> **What is required**
Give back exactly the lines of the material below, starting with the line with "Diese moderne 4-Zimmer-Wohnung" and going on through the line with "E2 年代: 西周 品名: 玉鳥珮".

> **Source data**
****************

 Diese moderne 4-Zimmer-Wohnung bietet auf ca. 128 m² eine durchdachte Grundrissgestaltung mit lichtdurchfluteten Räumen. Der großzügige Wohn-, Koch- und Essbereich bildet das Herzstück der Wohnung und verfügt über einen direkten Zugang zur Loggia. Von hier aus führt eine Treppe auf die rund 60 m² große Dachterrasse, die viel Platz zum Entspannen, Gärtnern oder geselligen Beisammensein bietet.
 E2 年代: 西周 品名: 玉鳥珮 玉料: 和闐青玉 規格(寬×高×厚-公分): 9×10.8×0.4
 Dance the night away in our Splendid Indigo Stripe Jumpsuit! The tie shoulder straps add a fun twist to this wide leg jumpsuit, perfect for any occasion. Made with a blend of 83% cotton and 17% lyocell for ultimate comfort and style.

****************

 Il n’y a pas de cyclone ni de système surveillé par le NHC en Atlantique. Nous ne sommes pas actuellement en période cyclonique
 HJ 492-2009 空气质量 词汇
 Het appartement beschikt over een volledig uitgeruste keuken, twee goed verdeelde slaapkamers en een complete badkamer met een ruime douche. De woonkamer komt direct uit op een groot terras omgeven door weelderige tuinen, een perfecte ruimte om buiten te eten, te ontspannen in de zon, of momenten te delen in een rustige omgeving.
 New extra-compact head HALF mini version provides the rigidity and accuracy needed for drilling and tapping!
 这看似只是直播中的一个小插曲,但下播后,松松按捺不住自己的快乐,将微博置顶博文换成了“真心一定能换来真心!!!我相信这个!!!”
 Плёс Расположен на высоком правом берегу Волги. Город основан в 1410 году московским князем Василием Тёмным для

****************

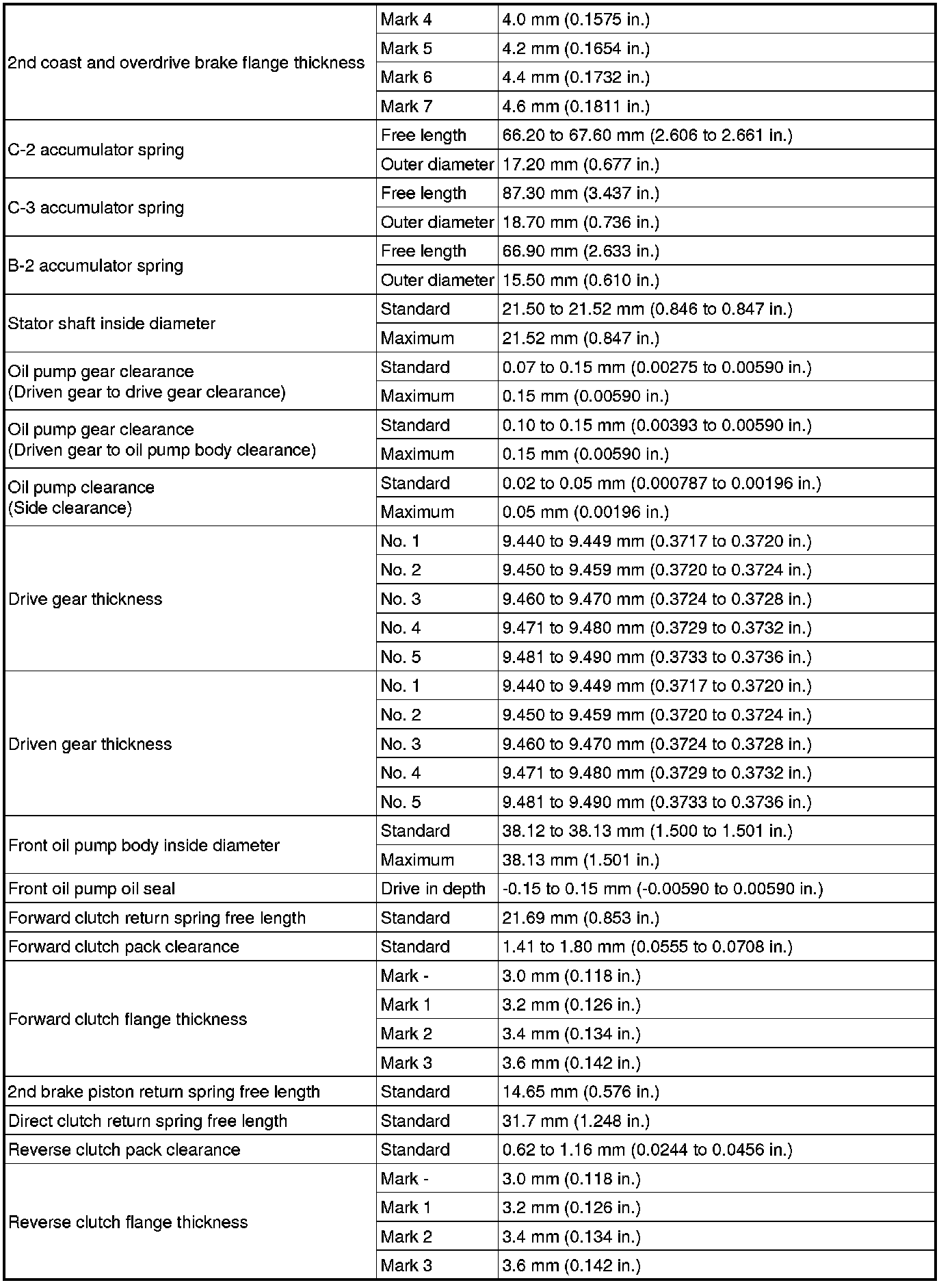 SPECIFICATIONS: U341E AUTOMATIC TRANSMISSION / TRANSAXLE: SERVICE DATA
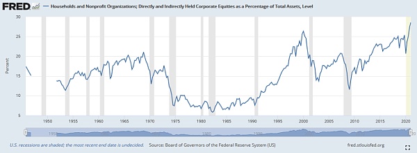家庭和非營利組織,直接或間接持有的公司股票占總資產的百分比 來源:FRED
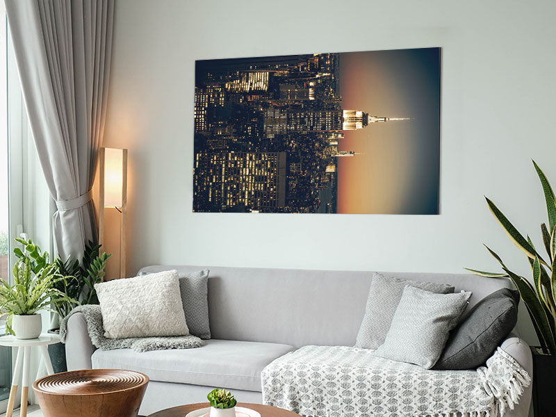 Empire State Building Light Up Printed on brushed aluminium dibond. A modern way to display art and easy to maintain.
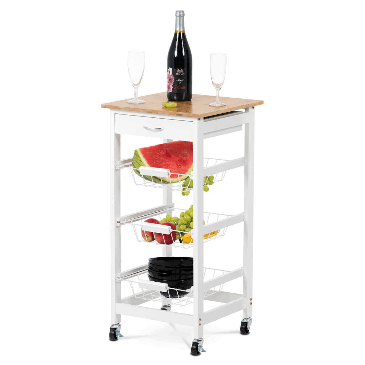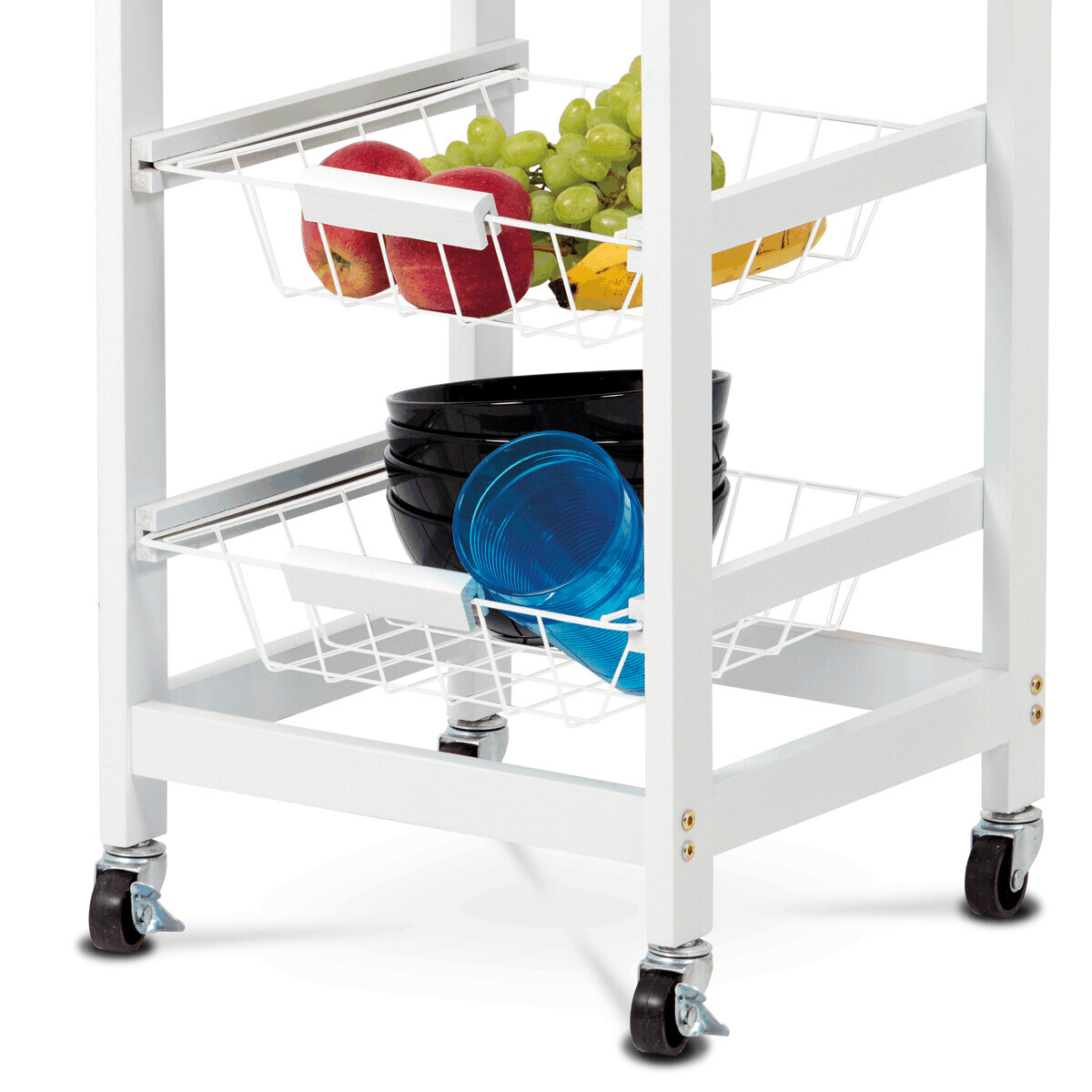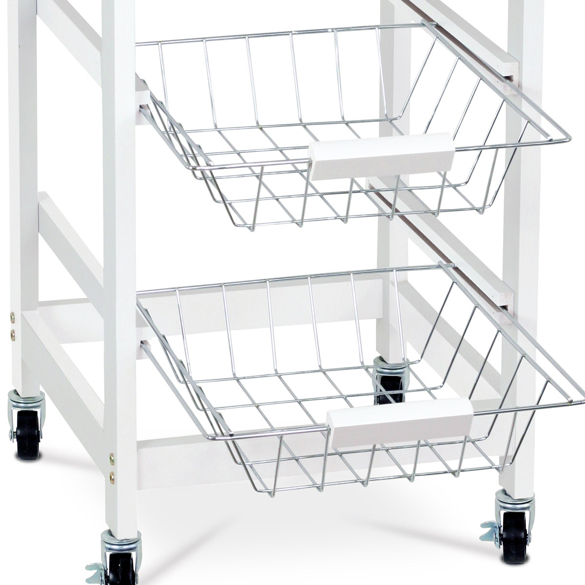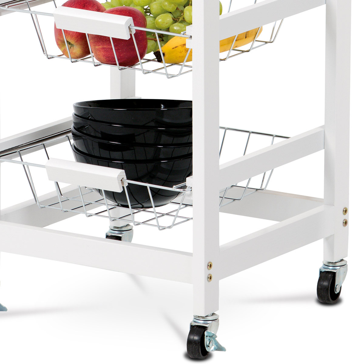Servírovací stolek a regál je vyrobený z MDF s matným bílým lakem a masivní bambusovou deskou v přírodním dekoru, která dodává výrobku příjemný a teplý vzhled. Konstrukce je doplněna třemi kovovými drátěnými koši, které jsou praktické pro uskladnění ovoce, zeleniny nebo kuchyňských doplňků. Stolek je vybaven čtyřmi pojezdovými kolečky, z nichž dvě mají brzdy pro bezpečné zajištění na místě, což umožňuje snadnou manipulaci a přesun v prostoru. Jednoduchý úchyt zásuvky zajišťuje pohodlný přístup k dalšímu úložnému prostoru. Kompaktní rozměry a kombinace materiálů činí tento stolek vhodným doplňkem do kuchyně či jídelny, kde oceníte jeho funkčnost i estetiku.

****************

> **Answer below**
 Diese moderne 4-Zimmer-Wohnung bietet auf ca. 128 m² eine durchdachte Grundrissgestaltung mit lichtdurchfluteten Räumen. Der großzügige Wohn-, Koch- und Essbereich bildet das Herzstück der Wohnung und verfügt über einen direkten Zugang zur Loggia. Von hier aus führt eine Treppe auf die rund 60 m² große Dachterrasse, die viel Platz zum Entspannen, Gärtnern oder geselligen Beisammensein bietet.
 E2 年代: 西周 品名: 玉鳥珮 玉料: 和闐青玉 規格(寬×高×厚-公分): 9×10.8×0.4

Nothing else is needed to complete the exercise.